Why this relationship matters is that it lets us put a clear number on the return of data-quality investment for the first time. The value of cleaning data has long been explained in fuzzy, hard-to-measure terms — "accuracy goes up," "trust accrues." Run it through the retry loop, though, and that value converts straight into token savings. Refine one batch of input so retries drop from ten to two, and that much comes off next month's bill.

The invisibility of the cost deserves a look too. EY points out that total AI cost does not end with the token price. Infrastructure, governance overhead, organizational-change costs, and failure-and-recovery costs are scattered across many budget lines and arise irregularly, so they are structurally hard to see. The tokens that retries burn are one branch of this invisibility. The total on the bill is visible, but how much of it was spent patching bad inputs does not surface unless you look at it separately.

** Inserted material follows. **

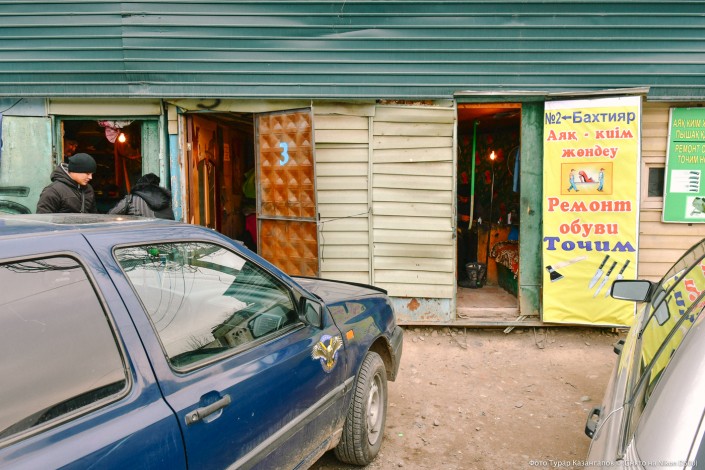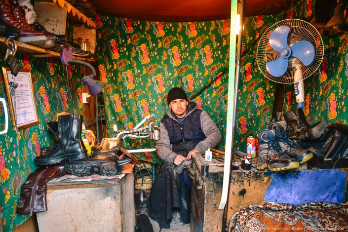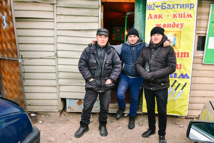 "Все так думают. Но большинство людей здесь китайское не берут же. Если покупают, то обычно бизнесмены оптом и на продажу, дальше отправляют. А местные в большинстве своем предпочитают носить обувь ручной работы, заказывают ее в Алматы", - говорит Бахтияр. "Мы здесь все родственники, Садыковы и Шариповы", - говорит еще один сапожник.

Becoming measurable: Seen through the lens of token cost, data quality turns a once-vague investment call into a profit-and-loss calculation. "Refine this data and retries fall; retries fall and tokens fall; tokens fall and the bill falls." This chain translates data governance, for the first time, into a language the finance department understands.

5

AI-Ready Data Is an Accounting Problem

Data quality has long been discussed only in the language of data teams — accuracy, consistency, completeness. The words are right, but they don't quite land for the person holding the budget. The retry loop changes the language of this conversation, because it moves data quality into token consumption and the bill — that is, into the language CFOs and FinOps use every day.

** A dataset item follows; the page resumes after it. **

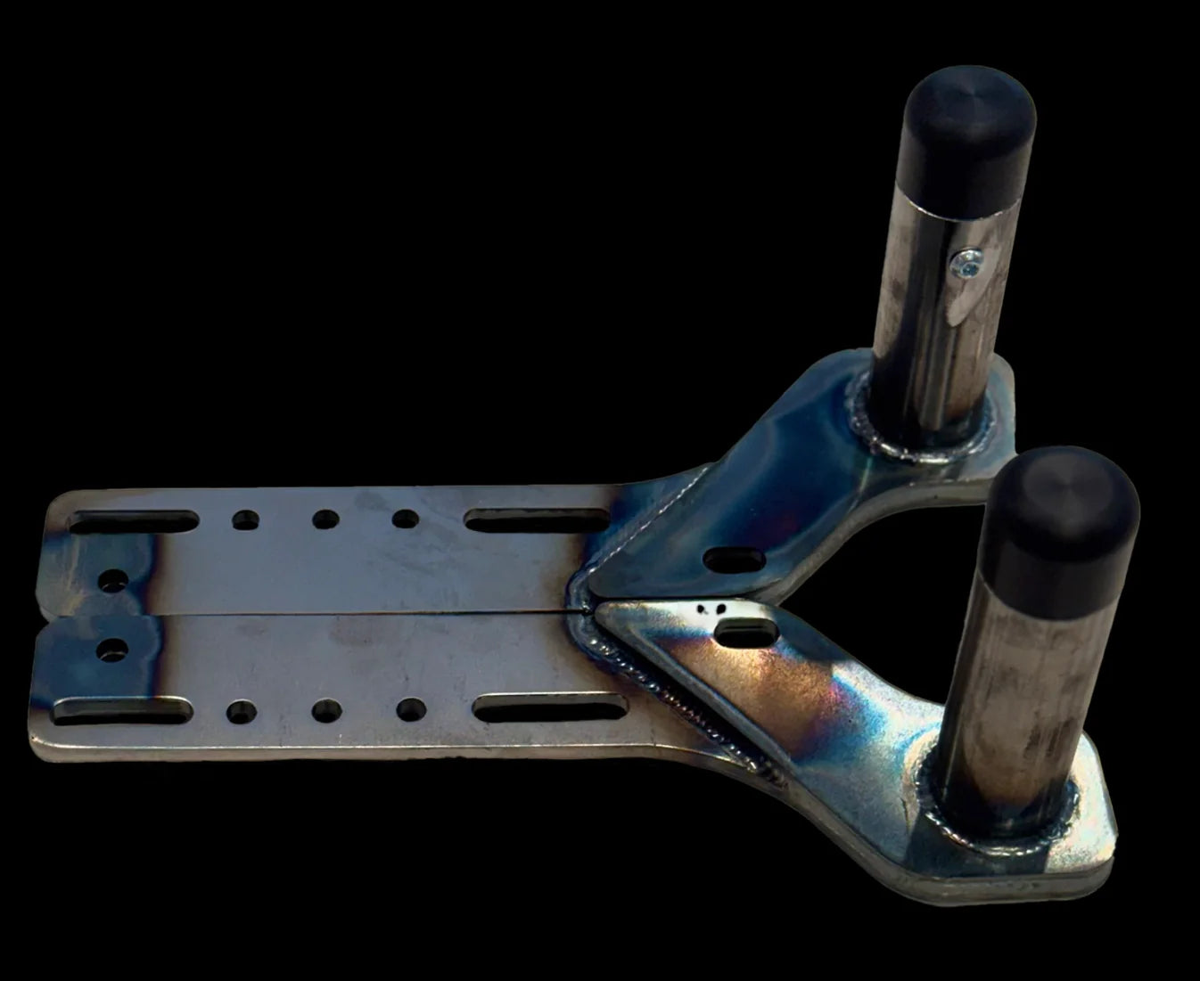 - Pegs are welded THROUGH the front 1/2 inch thick steel. No more broken shock bolts!

This shift is not a small one. When AI-Ready Data was a "desirable thing," it was always pushed aside by something more urgent. But when AI-Ready Data becomes a "way to cut the bill," priorities change. Data refinement turns from a cost center into a means of cost reduction, and data governance turns from a compliance obligation into an investment that buys budget predictability. The moment what was an ethical question becomes an accounting one, the approval chain changes.

The reality of agent adoption presses this shift forward. By one industry tally, only 11–14% of agent pilots survive all the way to production. Most vanish at the pilot stage for being an "unsustainably cash-intensive business model." Citing Gartner, EY projects that more than 40% of agent projects will be canceled by 2027. If a sizable part of that cash is tokens burned by retries, then the path to survival lies not in finding a cheaper model — it lies in giving the model inputs it can clear on the first pass.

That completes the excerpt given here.